Many websites claim that they have science-backed lists on how to be happy. Sure, a long sleep helps. Yes, good food makes us happy. Indeed, exercising releases happy hormones. And it’s most definitely accurate that relationships – friendships, family, significant others – help us feel happy. But happiness usually happens in short erratic moments. Contentment, on the other hand, is more long-term.
How can happiness turn into contentment?
First off, let’s define contentment. According to dictionary.com, contentment is satisfaction; ease of mind. Its root word is content, which can be read as kuh n-tent or kon-tent. The first kuh n-tent refers to happiness. The second kon-tent may either pertain to the parts that make up something or to the meaning of something. So, linguistically speaking, we can probably equate contentment to being filled with meaning.

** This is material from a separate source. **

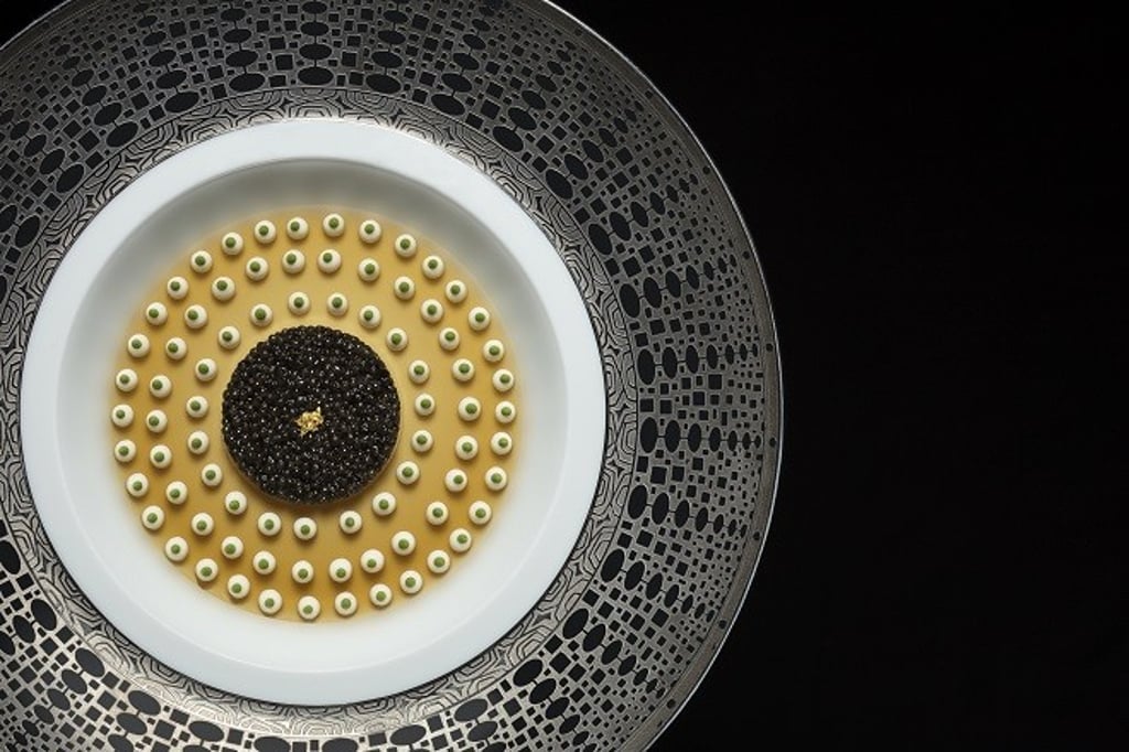 精准与奢华的杰作。天巢法国餐厅的鱼子酱配帝王蟹佐甲壳类冻,展现了高级料理的精髓。

Now, this leads us to the age-old unanswered question: What is the meaning of life?
We can scour the entire world and the World Wide Web, but we won’t find the answer. Meaning has a different connotation for different people. Similarly, life is perceived in different ways by different people. For some, giving meaning to their life is trying out new things. For others, to fulfill the meaning of life means to read all the books ever written. C’est la vie.
But what’s similar in both interpretations is cognitive ease.
Derek Muller of educational YouTube channel, Veritasium, defines cognitive ease as the measure of how hard – or easy – one’s brain works. Ease is achieved through something you’ve become familiar and comfortable with. Your brain doesn’t work much to make sense of things because they’re already familiar. Say, your relationship with a student you’ve been teaching for the last couple of months, or your current job. It makes you feel okay, and in a way, content.
Conversely, cognitive strain refers to using more brain power to understand something. This happens when you experience something new or you encounter something in chaos. Say, poor audio quality. It makes your eyebrows furrow as you decipher what your student is saying.
Though cognitive ease and cognitive strain seem to be polar opposites, they are both necessary to achieve long-term contentment. On one hand, you can relax with something within your comfort zone. But on the other hand, it makes you complacent. Choosing cognitive ease most of the time means you’re choosing not to learn or make progress. As such, it’s better that ease and strain go hand in hand. This will create a balance between the familiar and the progressive.
Stephen Covey writes in The 7 Habits of Highly Effective People how it’s important to sharpen the saw. It’s what makes all the other habits of efficacy possible. To sharpen the saw means to renew oneself in four aspects: physical, social and emotional, mental, and spiritual. Under physical, there’s the rigor of exercise. Under social falls the mantra of no man is an island, so go explore and talk to strangers. Under mental and spiritual are learning and expansion.
Now, though I enlist the help of Derek Muller and Stephen Covey, of science and non-fiction, in this article, our definition of contentment still varies. The meaning is still up to you. We are different people after all.
References:
Covey, Stephen R. (1989). The 7 Habits of Highly Effective People. New York: Free Press.